▸ **Your instructions**
Please copy exactly the lines from the first in the records through the line that contains "The Beacon’s influence", but not the pictures.

──────────

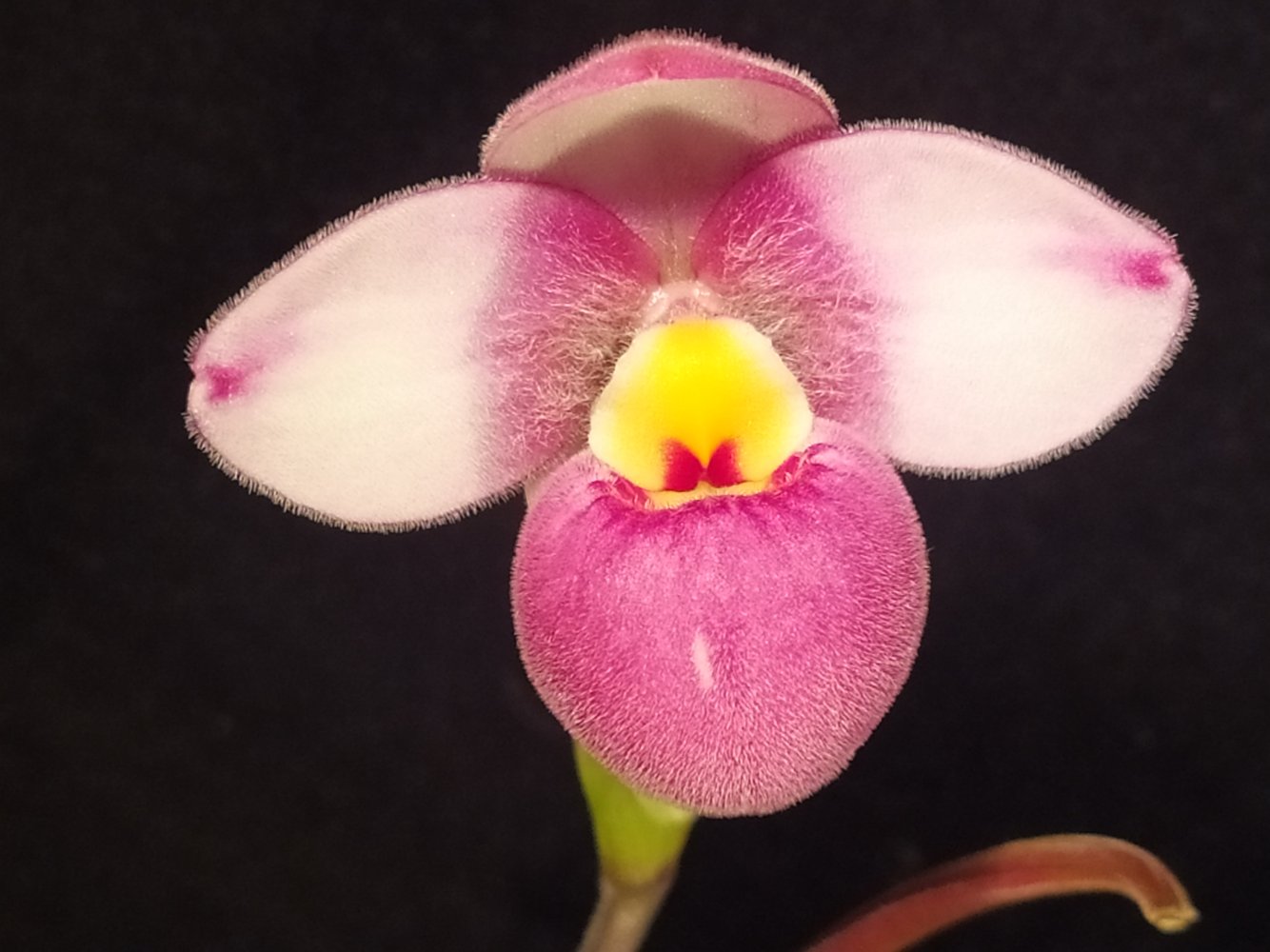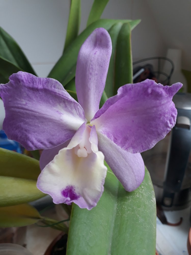 У меня цветет C. November Bride Diana/c. walceriana, от Швертера. Цветет уже на второй бульбе, на первой было два цветка. Очень милая, компактная каттлея, цветы 8-10 см, очень ароматные.цвет передается неверно, на самом деле, меньше сиреневого, более бледный цветочек, скорее, розовый. На губе переходы от салатово-зеленого, к бледно-розовому.20210206_100609.jpg
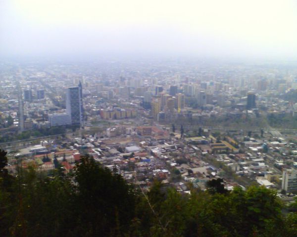 San Cristobal is a hill right in the middle of Santiago. Up on top, there's a huge statue of the Virgin Mary. This is a view looking down on the city from the top of the hill. It was a day with low clouds and fog duking it out to see who would mess up my pictures more.
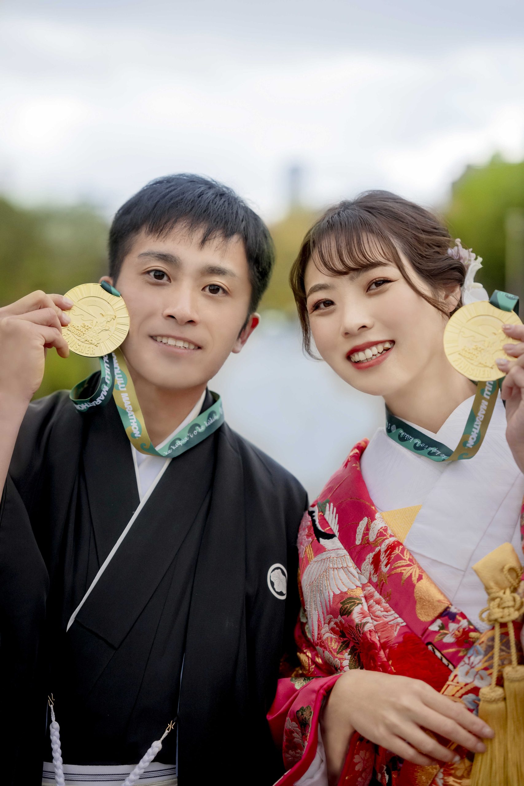 「がんばったね」「ありがとう」そんなお気持ちがこもった持ち込みメダルをおふたりで手にして♪
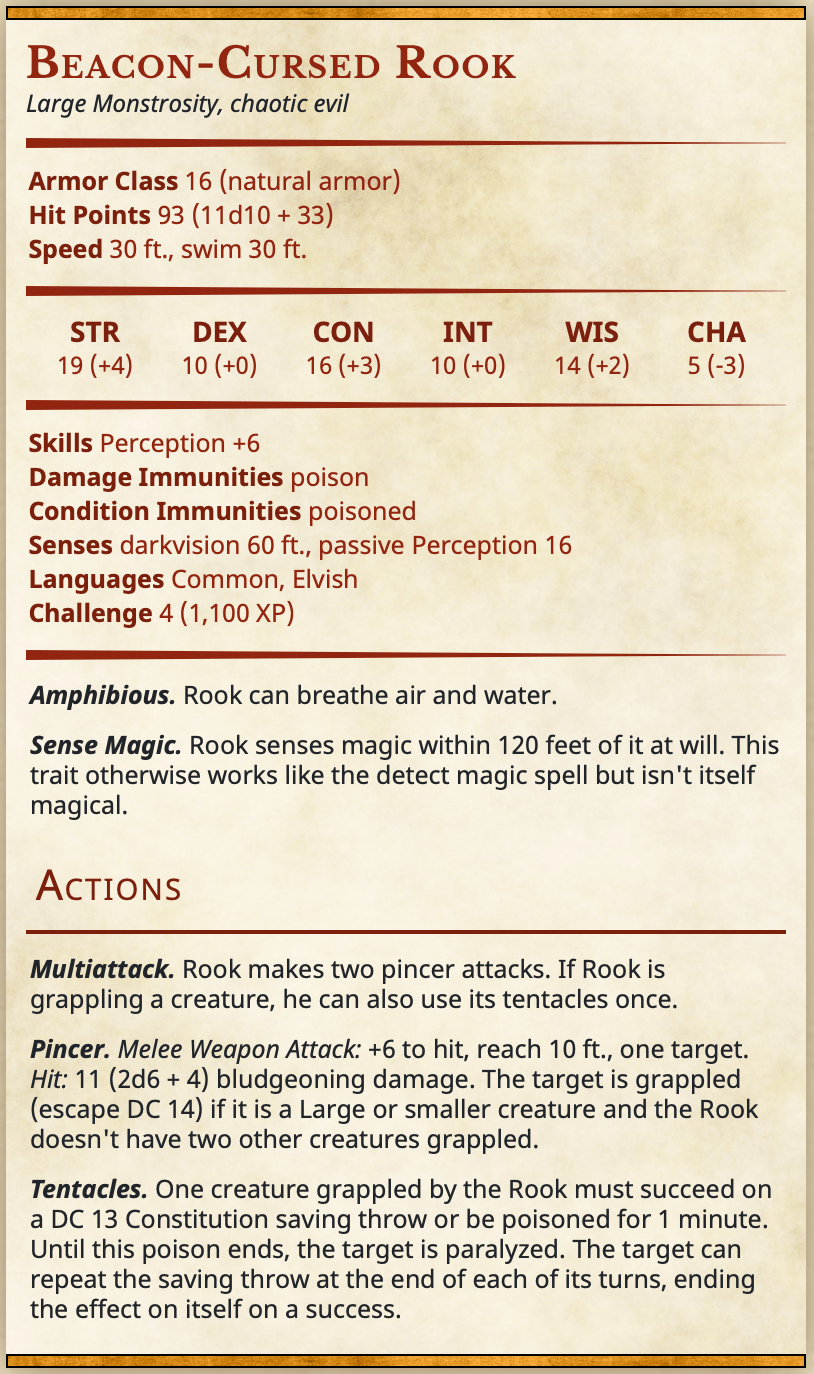 The Beacon’s influence on Rook has merged the druid’s body with sea creatures. Patches of his skin have turned chitinous, his hands have transformed into pincers, and tentacles emerge from beneath his ribs.
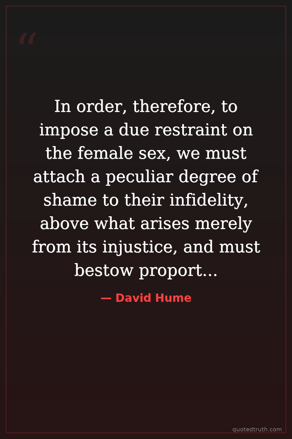 In order, therefore, to impose a due restraint on the female sex, we must attach a peculiar degree of shame to their infidelity, above what arises merely from its injustice, and must bestow proportionable praises on their chastity. — David Hume Early Modern Empiricism, skepticism
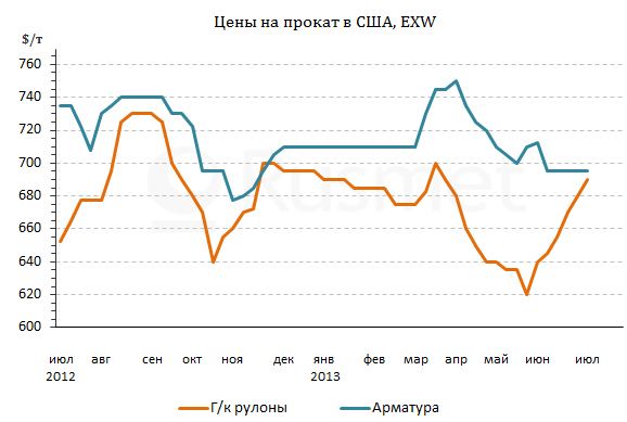 горячекатаных рулонов в США достигла $685-695 за т EXW,
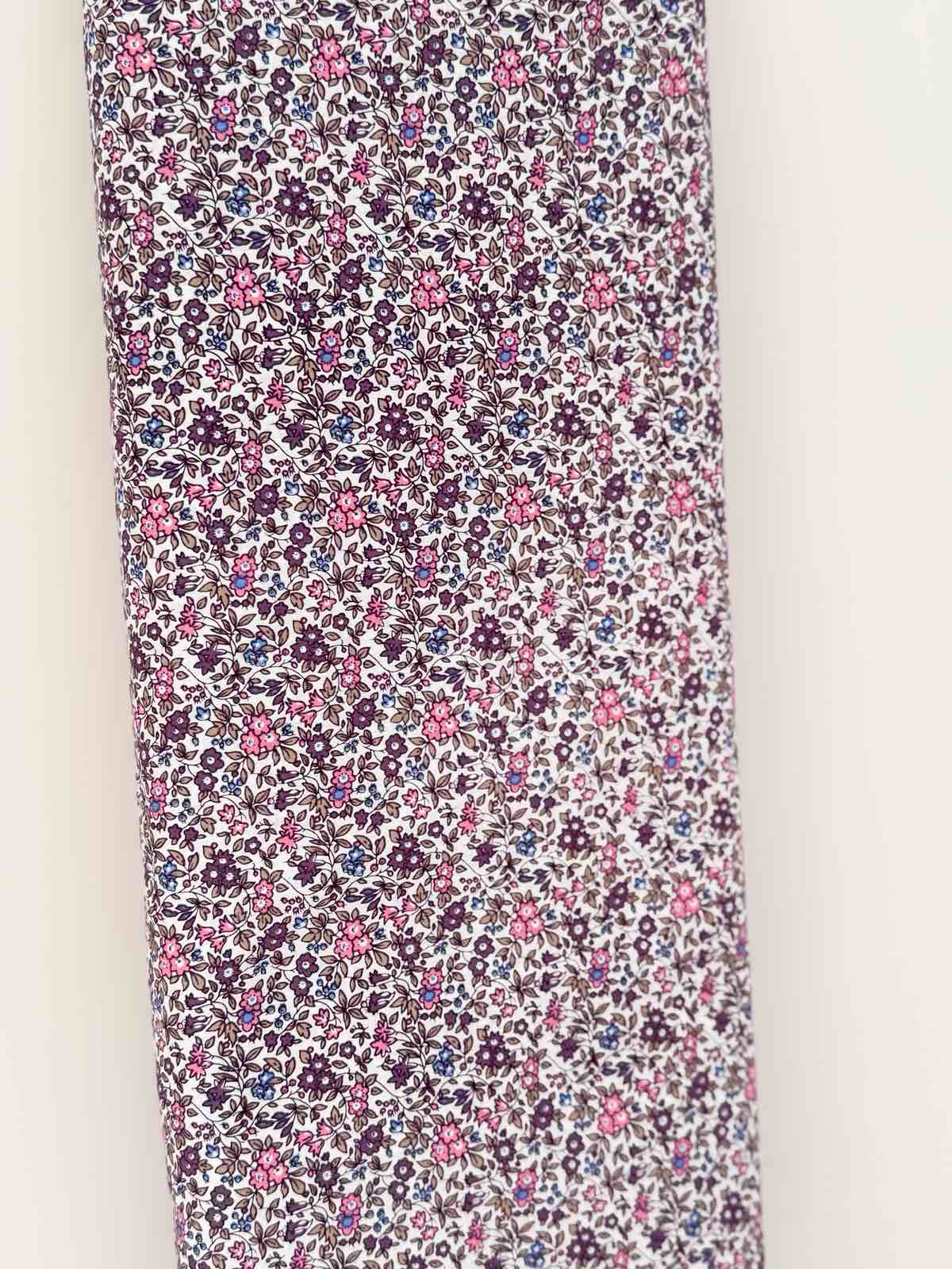 - With purple and pink flowers. Composition: 100% cotton. Width: 100 cm.

──────────

▸ **Response to this exercise**
 У меня цветет C. November Bride Diana/c. walceriana, от Швертера. Цветет уже на второй бульбе, на первой было два цветка. Очень милая, компактная каттлея, цветы 8-10 см, очень ароматные.цвет передается неверно, на самом деле, меньше сиреневого, более бледный цветочек, скорее, розовый. На губе переходы от салатово-зеленого, к бледно-розовому.20210206_100609.jpg
 San Cristobal is a hill right in the middle of Santiago. Up on top, there's a huge statue of the Virgin Mary. This is a view looking down on the city from the top of the hill. It was a day with low clouds and fog duking it out to see who would mess up my pictures more.
 「がんばったね」「ありがとう」そんなお気持ちがこもった持ち込みメダルをおふたりで手にして♪
 The Beacon’s influence on Rook has merged the druid’s body with sea creatures. Patches of his skin have turned chitinous, his hands have transformed into pincers, and tentacles emerge from beneath his ribs.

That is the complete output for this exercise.